As the years went by, doctors kept insisting a mood stabilizer for my depression and mania would be the best choice, but I knew the stuff they were prescribing was crap. I eventually saw their point of view and humored them for a while but the mood stabilizers ended up doing way more physical harm than good. Like Lithium toxicity. Now I'm moving off a mood stabilizer because my mood doesn't fluctuate anymore if I don't want it to. I've managed to work well without it. I guess I attribute that ability to being more conscious of what's going on.

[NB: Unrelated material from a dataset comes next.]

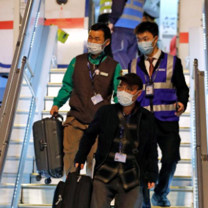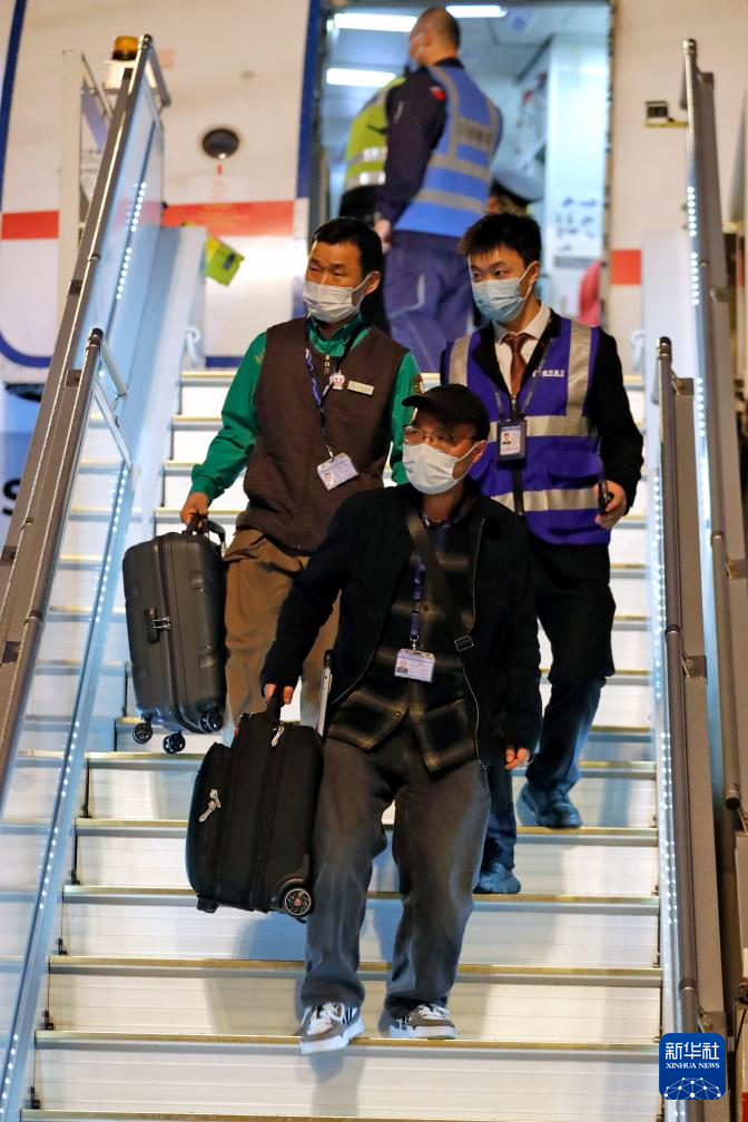 4月3日晚,旅韩大熊猫“福宝”搭乘包机抵达成都双流国际机场。“福宝”的韩国饲养员姜哲远(左一)随“福宝”一同抵达。

I would say of all the medications I've tried, there are very few that contributed to any level of helping my mental health. I think it was more in the combination of being in a peaceful environment, surrounded by loving people and slowly taking on the responsibility of dealing with my illness as much on my own as humanly possible that really contributed to my health and growth. I have a severely debilitating illness so, considering I can manage so much on my own that most people with my illness seriously lose their shit over has allowed me to look over the years of growth, at least, and assess how far I've come.

Iridecentblack your story is one of hope in using psychedelics to overcome depression.
We're coming into an age where psychedelics are becoming recognized as powerful medicine capable of changing lives for the better.

Ibtisam was fortunate enough to respond well to conventional medicine,but for many it doesn't. For many it becomes just a band aid and doesn't get to the root of the problem,even when having counselling they end up jumping from one prescription drug to another. I've seen people with depression that end up far worse in the long run,numb to their emotions and stuck on mood stabilizers.

I think it takes a brave soul to take a leap of faith and look for help elsewhere,to use psychedelics in the way you have Iridecentblack. I hope others who read this who don't have the luck that Ibtisam has had can have the courage to try and seek out alternative medicines. If only the future was here now and psychedelics were in the mainstream,regulated in a safe manner by professionals.

Keep the faith people,it will happen,it's just a matter of time.